Technology. As adults living in the United States, it’s often something we take for granted. We pop open a laptop at a coffee shop and the world is instantly at our fingertips. Having phones, computers and internet that works is our norm. So, it’s easy to forget that for many school-age students, digital equity remains a challenge. Yes, there is major work to be done in US schools – the layers of digital equity are still far from acceptable. But in some other areas of the world, the gap is even wider. The reality for most students in Haiti is technology is absent altogether. I was lucky enough to take part in a program to help mitigate this equity gap for some Haitian children.

Last month I accompanied Jamf’s CEO, Dean Hager, and a team of volunteers, to Grace Academy. The school within Grace Village sits roughly 16 miles north of Port-au-Prince, Haiti in the town of Titanyen. We were there to expand what we implemented over the summer.

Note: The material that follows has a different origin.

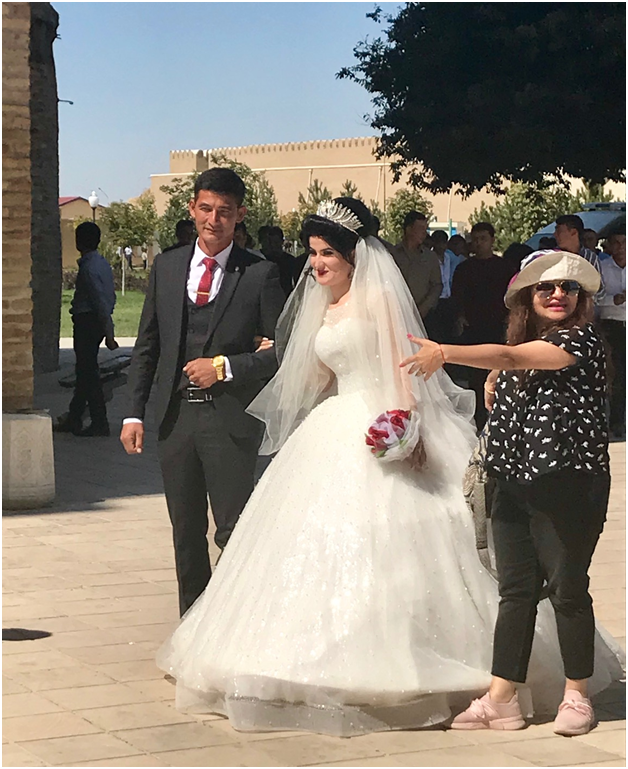 Shahrisabz-The country is large, how large one realizes when one drives from Samarkand to Bukhara. It took us almost eight hours. On the way, we stopped at the birthplace of Timur, an oasis in the desert. In its time, it was the second capital of the Timurid Empire and outshone Bukhara. At Shahrisabz, we finally got to see some ruins. A very old city, more than 2700 years old, it was known as Kesh in the Middle Ages. All that remains of the Ax Sarai palace complex is the gateway. In its heyday, the portal was 50 metres high. The gardens also serve as a destination for wedding shoots.The tent like dome of the Dor As Siadat necropolis shows the Mongol influence.

During the August visit, I worked with colleagues to bring technology to Grace Village. Over the course of four days, we outfitted an empty concrete room with various Apple products, ultimately created an Innovation Center. Over the last four months, teachers and students have utilized the resources extensively. But while the iPads, MacBook Airs and Apple TVs allowed them to create an elevated learning experience, they needed more. This trip, we delivered.

Through the use of a satellite, and a lot of determination, we successfully brought internet to Grace Village’s Innovation Center. While that may not seem overly important, the benefits it brings are monumental. Check out what this means in a handful of key areas:

Device Management: The Innovation Center’s Mac admins can now connect to Jamf Pro! This means device management for the center’s Apple devices, along with access to a variety of Jamf Pro educational materials.

APP Content Updates: Imagine trying to learn Spanish on Duolingo and getting stuck at a certain level. It’s frustrating! Now, the apps they use will routinely update so students can continuously progress with their learning.

Lesson Planning: What if we told local teachers they couldn’t use the internet to plan for their lessons? The quality of what they teach would drop significantly! Now, with internet access, the teachers at Grace Village can provide higher quality lessons to their students.

Apple Teacher: The Haitian teachers are new to Apple products. That’s why having access to Apple Teacher is essential as they become more proficient with their devices.

Internet Filtering: Protecting children from inappropriate content is essential in a school setting. Now using Securly, school leaders can proactively set up specific filtering parameters so students only see what they should.

So you see, gaining access to the internet is a big deal for Grace Village. But as a former educator, I couldn’t leave without having some quality interaction with the kids and teachers. So we played with technology.

The Sphero SPRK+ robotic balls were the highlight of the day. Kids of all ages and abilities, including a young man with learning disabilities, participated. While the younger kiddos drew shapes for the ball to follow, the older ones calculated specific routes with more advanced coding techniques. The joy that radiated from those children when the ball rolled was nothing short of moving. It was my highlight. Want to see the kids in action? Check out this short video.

I also had the opportunity to run workshops with the teachers. Though some of them couldn’t find their iPad’s home button when we started, by the end of the day, they were copying, pasting and creating their own unique “About Me” project in Keynote. I attribute this success directly to the simplicity of the iPad.

Currently, a student, along with the Innovation Center’s coordinator, are managing the devices with basic Jamf Pro tasks like: device name changes and user assignment; adding a custom wallpaper; updating the inventory command; and turning on Lost Mode if needed. Both men are continuing to learn about Jamf Pro by watching the Jamf 100 videos with French subtitles. They hope to one day take the Jamf certification course and fully manage all of the devices on their own.

In addition to the internet and education, we left Grace Village with 20 additional iPads, (all outfitted with Logitech Rugged Combo cases) two MacBook Pros and 13 Sphero SPRK+ robots – all of which I’m confident will see great use and continue to provide a pathway to a better future for the children at Grace Village. The 48 student iPads are stored in an Ergotron cart managed by the student tech helpers.

As next steps, in 2018 we’ll bring the students eSpark Learning as a way to provide personalized learning paths for English language and preK-third grade math skills. We also expect to deploy 1-to-1 iPads, beginning with the primary students. A fulltime Haitian instructional coach is about to start in the Innovation Center to provide professional development and mentoring to other teachers. Gradual and measured progress will be the theme; however, we’ll need luck to keep up with the kids.